L-28546 July 30, 1975

VENANCIO CASTANEDA and NICETAS HENSON, petitioners,


vs.
PASTOR D. AGO, LOURDES YU AGO and THE COURT OF APPEALS, respondents.

Facts: The petitioners recovered the machineries from the complainant, thus result to petition to the CA yet, it was
dismissed. The sheriff then sold it to the highest bidder.

The respondents then filed a petition to the CA in which the sold machineries are under a conjugal property, thus,
the ½ share of the property belongs to the petitioner’s wife.

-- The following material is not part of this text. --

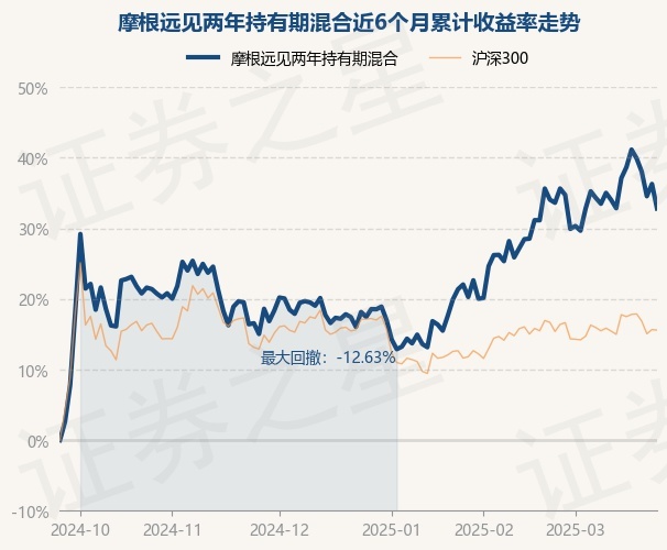 证券之星消息,3月25日,摩根远见两年持有期混合最新单位净值为0.8187元,累计净值为0.8187元,较前一交易日下跌2.55%。历史数据显示该基金近1个月下跌0.61%,近3个月上涨13.08%,近6个月上涨32.82%,近1年上涨24.03%。该基金近6个月的累计收益率走势如下图:

The petitioners then filed a petition, hence, this case.

Respondents Agos, abetted by their lawyer Jose M. Luison, have misused legal remedies and prostituted the judicial
process to thwart the satisfaction of the judgment, to the extended prejudice of the petitioners. The respondents, with
the assistance of counsel, maneuvered for fourteen (14) years to doggedly resist execution of the judgment thru
manifold tactics in and from one court to another (5 times in the Supreme Court).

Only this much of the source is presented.